╭─ Supplied information

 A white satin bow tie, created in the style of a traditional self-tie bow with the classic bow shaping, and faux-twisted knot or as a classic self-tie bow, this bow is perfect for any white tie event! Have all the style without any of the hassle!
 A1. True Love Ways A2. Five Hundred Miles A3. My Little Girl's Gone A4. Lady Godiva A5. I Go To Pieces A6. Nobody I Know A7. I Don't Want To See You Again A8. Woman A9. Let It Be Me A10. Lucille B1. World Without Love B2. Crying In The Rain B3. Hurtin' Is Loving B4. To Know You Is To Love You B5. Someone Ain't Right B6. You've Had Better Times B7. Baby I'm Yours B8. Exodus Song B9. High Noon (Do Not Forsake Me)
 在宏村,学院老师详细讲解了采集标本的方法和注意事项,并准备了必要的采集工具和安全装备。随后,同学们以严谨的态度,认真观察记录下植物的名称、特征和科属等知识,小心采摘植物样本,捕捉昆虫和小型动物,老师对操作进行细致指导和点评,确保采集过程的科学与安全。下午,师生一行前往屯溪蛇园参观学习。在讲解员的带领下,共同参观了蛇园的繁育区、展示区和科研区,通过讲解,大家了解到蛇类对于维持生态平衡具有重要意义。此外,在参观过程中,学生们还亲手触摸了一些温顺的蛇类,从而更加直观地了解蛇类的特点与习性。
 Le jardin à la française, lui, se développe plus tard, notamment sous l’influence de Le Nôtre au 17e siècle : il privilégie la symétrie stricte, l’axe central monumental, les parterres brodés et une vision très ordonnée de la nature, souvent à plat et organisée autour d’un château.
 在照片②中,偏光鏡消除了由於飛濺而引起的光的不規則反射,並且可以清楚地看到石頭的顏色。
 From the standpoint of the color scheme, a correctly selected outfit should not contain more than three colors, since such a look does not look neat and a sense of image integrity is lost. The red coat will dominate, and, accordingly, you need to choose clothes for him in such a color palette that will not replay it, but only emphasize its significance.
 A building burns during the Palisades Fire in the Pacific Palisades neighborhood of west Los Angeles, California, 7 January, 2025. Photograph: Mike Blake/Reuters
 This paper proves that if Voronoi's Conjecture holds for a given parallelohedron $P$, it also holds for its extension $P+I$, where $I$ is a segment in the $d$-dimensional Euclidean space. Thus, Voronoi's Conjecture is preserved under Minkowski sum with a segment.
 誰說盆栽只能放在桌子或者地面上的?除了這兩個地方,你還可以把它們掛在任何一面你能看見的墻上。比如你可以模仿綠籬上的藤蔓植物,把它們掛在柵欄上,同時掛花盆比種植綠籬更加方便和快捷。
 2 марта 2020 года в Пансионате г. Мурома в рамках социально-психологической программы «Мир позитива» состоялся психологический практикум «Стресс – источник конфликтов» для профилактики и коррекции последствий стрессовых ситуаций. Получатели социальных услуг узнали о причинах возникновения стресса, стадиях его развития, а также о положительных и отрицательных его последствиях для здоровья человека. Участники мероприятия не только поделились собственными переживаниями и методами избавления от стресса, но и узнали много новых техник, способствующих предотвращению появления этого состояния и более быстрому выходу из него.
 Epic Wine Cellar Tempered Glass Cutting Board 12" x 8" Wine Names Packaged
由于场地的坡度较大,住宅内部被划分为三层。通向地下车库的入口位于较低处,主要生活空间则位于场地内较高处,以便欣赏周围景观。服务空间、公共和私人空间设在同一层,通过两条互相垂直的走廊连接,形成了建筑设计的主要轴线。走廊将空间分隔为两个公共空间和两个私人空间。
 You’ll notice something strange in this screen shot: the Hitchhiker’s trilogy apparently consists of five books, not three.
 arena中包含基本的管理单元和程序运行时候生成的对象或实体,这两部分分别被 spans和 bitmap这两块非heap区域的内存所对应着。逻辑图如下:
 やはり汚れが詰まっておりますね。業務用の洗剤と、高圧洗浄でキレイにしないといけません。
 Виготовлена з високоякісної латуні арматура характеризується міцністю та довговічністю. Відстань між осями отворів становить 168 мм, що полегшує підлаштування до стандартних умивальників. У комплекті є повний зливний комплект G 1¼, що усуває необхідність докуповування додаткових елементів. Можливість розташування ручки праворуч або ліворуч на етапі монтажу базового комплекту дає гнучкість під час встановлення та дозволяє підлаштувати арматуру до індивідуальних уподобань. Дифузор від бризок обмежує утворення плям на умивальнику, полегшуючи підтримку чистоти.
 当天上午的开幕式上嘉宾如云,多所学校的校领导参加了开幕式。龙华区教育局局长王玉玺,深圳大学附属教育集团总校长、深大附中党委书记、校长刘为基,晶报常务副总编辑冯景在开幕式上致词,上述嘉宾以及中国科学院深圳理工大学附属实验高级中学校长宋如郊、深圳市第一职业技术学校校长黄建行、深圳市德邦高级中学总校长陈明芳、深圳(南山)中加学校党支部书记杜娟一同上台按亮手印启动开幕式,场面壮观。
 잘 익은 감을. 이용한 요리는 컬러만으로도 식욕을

╰─

What you are asked to do
Make a verbatim copy of each record.

Response for this exercise
 A white satin bow tie, created in the style of a traditional self-tie bow with the classic bow shaping, and faux-twisted knot or as a classic self-tie bow, this bow is perfect for any white tie event! Have all the style without any of the hassle!
 A1. True Love Ways A2. Five Hundred Miles A3. My Little Girl's Gone A4. Lady Godiva A5. I Go To Pieces A6. Nobody I Know A7. I Don't Want To See You Again A8. Woman A9. Let It Be Me A10. Lucille B1. World Without Love B2. Crying In The Rain B3. Hurtin' Is Loving B4. To Know You Is To Love You B5. Someone Ain't Right B6. You've Had Better Times B7. Baby I'm Yours B8. Exodus Song B9. High Noon (Do Not Forsake Me)
 在宏村,学院老师详细讲解了采集标本的方法和注意事项,并准备了必要的采集工具和安全装备。随后,同学们以严谨的态度,认真观察记录下植物的名称、特征和科属等知识,小心采摘植物样本,捕捉昆虫和小型动物,老师对操作进行细致指导和点评,确保采集过程的科学与安全。下午,师生一行前往屯溪蛇园参观学习。在讲解员的带领下,共同参观了蛇园的繁育区、展示区和科研区,通过讲解,大家了解到蛇类对于维持生态平衡具有重要意义。此外,在参观过程中,学生们还亲手触摸了一些温顺的蛇类,从而更加直观地了解蛇类的特点与习性。
 Le jardin à la française, lui, se développe plus tard, notamment sous l’influence de Le Nôtre au 17e siècle : il privilégie la symétrie stricte, l’axe central monumental, les parterres brodés et une vision très ordonnée de la nature, souvent à plat et organisée autour d’un château.
 在照片②中,偏光鏡消除了由於飛濺而引起的光的不規則反射,並且可以清楚地看到石頭的顏色。
 From the standpoint of the color scheme, a correctly selected outfit should not contain more than three colors, since such a look does not look neat and a sense of image integrity is lost. The red coat will dominate, and, accordingly, you need to choose clothes for him in such a color palette that will not replay it, but only emphasize its significance.
 A building burns during the Palisades Fire in the Pacific Palisades neighborhood of west Los Angeles, California, 7 January, 2025. Photograph: Mike Blake/Reuters
 This paper proves that if Voronoi's Conjecture holds for a given parallelohedron $P$, it also holds for its extension $P+I$, where $I$ is a segment in the $d$-dimensional Euclidean space. Thus, Voronoi's Conjecture is preserved under Minkowski sum with a segment.
 誰說盆栽只能放在桌子或者地面上的?除了這兩個地方,你還可以把它們掛在任何一面你能看見的墻上。比如你可以模仿綠籬上的藤蔓植物,把它們掛在柵欄上,同時掛花盆比種植綠籬更加方便和快捷。
 2 марта 2020 года в Пансионате г. Мурома в рамках социально-психологической программы «Мир позитива» состоялся психологический практикум «Стресс – источник конфликтов» для профилактики и коррекции последствий стрессовых ситуаций. Получатели социальных услуг узнали о причинах возникновения стресса, стадиях его развития, а также о положительных и отрицательных его последствиях для здоровья человека. Участники мероприятия не только поделились собственными переживаниями и методами избавления от стресса, но и узнали много новых техник, способствующих предотвращению появления этого состояния и более быстрому выходу из него.
 Epic Wine Cellar Tempered Glass Cutting Board 12" x 8" Wine Names Packaged
由于场地的坡度较大,住宅内部被划分为三层。通向地下车库的入口位于较低处,主要生活空间则位于场地内较高处,以便欣赏周围景观。服务空间、公共和私人空间设在同一层,通过两条互相垂直的走廊连接,形成了建筑设计的主要轴线。走廊将空间分隔为两个公共空间和两个私人空间。
 You’ll notice something strange in this screen shot: the Hitchhiker’s trilogy apparently consists of five books, not three.
 arena中包含基本的管理单元和程序运行时候生成的对象或实体,这两部分分别被 spans和 bitmap这两块非heap区域的内存所对应着。逻辑图如下:
 やはり汚れが詰まっておりますね。業務用の洗剤と、高圧洗浄でキレイにしないといけません。
 Виготовлена з високоякісної латуні арматура характеризується міцністю та довговічністю. Відстань між осями отворів становить 168 мм, що полегшує підлаштування до стандартних умивальників. У комплекті є повний зливний комплект G 1¼, що усуває необхідність докуповування додаткових елементів. Можливість розташування ручки праворуч або ліворуч на етапі монтажу базового комплекту дає гнучкість під час встановлення та дозволяє підлаштувати арматуру до індивідуальних уподобань. Дифузор від бризок обмежує утворення плям на умивальнику, полегшуючи підтримку чистоти.
 当天上午的开幕式上嘉宾如云,多所学校的校领导参加了开幕式。龙华区教育局局长王玉玺,深圳大学附属教育集团总校长、深大附中党委书记、校长刘为基,晶报常务副总编辑冯景在开幕式上致词,上述嘉宾以及中国科学院深圳理工大学附属实验高级中学校长宋如郊、深圳市第一职业技术学校校长黄建行、深圳市德邦高级中学总校长陈明芳、深圳(南山)中加学校党支部书记杜娟一同上台按亮手印启动开幕式,场面壮观。
 잘 익은 감을. 이용한 요리는 컬러만으로도 식욕을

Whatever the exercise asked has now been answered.